Exceptions to patching or remediation require formal risk acceptance and compensating controls.

5. Incident Response and Disaster Recovery

Preparedness for security incidents and operational disruptions ensures timely response, containment, and restoration of services.

• Incident Response Plan: A documented plan defines roles, responsibilities, and procedures for detecting, analyzing, containing, and recovering from security incidents.
• Incident Classification: Incidents are categorized by severity, with corresponding escalation paths and response timelines.
• Notification and Reporting: Relevant stakeholders, including affected parties and regulatory authorities, are notified in accordance with legal and contractual obligations.
• Disaster Recovery and Business Continuity: Recovery strategies ensure critical systems and data can be restored within defined recovery objectives. Regular testing validates effectiveness.
• Post-Incident Review: After-action reviews identify root causes and drive improvements to prevent recurrence.

6. Physical Security

Physical safeguards protect facilities, equipment, and assets from unauthorized access, damage, or interference. These controls apply to office locations, data centers, and any physical infrastructure supporting operations.

• Facility Access: Access to sensitive areas is restricted via secure entry mechanisms, with visitor logs and supervised access for non-employees.
• Workstation and Device Security: End-user devices are secured with screen locks, endpoint protection, and physical controls to prevent unauthorized use.
• Data Center and Infrastructure: Where physical infrastructure is utilized, environmental controls, monitoring, and access logs are maintained.
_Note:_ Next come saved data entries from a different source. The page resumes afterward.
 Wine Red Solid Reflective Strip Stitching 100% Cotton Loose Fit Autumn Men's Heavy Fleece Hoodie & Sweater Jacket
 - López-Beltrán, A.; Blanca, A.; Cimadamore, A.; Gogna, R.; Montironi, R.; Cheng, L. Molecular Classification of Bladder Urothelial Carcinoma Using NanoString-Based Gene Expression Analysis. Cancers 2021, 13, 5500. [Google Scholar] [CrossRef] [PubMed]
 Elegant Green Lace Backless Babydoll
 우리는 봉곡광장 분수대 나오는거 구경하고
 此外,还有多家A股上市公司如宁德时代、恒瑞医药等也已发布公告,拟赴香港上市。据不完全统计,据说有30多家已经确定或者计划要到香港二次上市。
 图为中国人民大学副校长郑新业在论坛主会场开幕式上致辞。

Cloud service providers are evaluated for equivalent physical security controls.
• Asset Disposal: Equipment containing sensitive data is securely wiped or destroyed before disposal or repurposing.

Remote work environments adhere to comparable security standards, including secure connectivity and device management.

7. Vendor Risk Management

Third-party vendors, partners, and service providers are assessed to ensure they meet security and compliance requirements commensurate with the risk they introduce.
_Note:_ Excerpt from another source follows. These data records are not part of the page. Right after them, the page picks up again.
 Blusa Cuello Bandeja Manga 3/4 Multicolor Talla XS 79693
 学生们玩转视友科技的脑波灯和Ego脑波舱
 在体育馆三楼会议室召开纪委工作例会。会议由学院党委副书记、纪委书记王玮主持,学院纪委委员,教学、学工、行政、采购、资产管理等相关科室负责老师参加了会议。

• Risk Assessment: Vendors with access to sensitive data, critical systems, or infrastructure undergo due diligence reviews prior to engagement.
• Contractual Requirements: Agreements include security obligations, incident notification provisions, and rights to audit or review security practices.
• Ongoing Monitoring: Vendor security posture is periodically reassessed to identify changes in risk profile. Critical vendors are subject to continuous oversight.
• Supply Chain Considerations: Subcontractors and downstream dependencies are evaluated as part of the vendor management program.

The organization maintains an inventory of key vendors and applies tiered oversight based on risk classification.

8. Security Awareness and Training

All personnel receive security awareness training upon onboarding and periodically thereafter. Training covers topics such as phishing recognition, social engineering, data protection, and incident reporting. Role-specific training is provided for personnel with elevated access or specialized responsibilities.

Regular communications and simulated exercises reinforce a culture of security mindfulness.

9. Policy Compliance and Enforcement

Adherence to this Cybersecurity Policy is mandatory. Violations may result in disciplinary action, up to and including termination of employment or contractual relationships. Suspected violations or security concerns must be reported through designated channels.

This policy is reviewed and approved by leadership to ensure alignment with organizational objectives and evolving threats.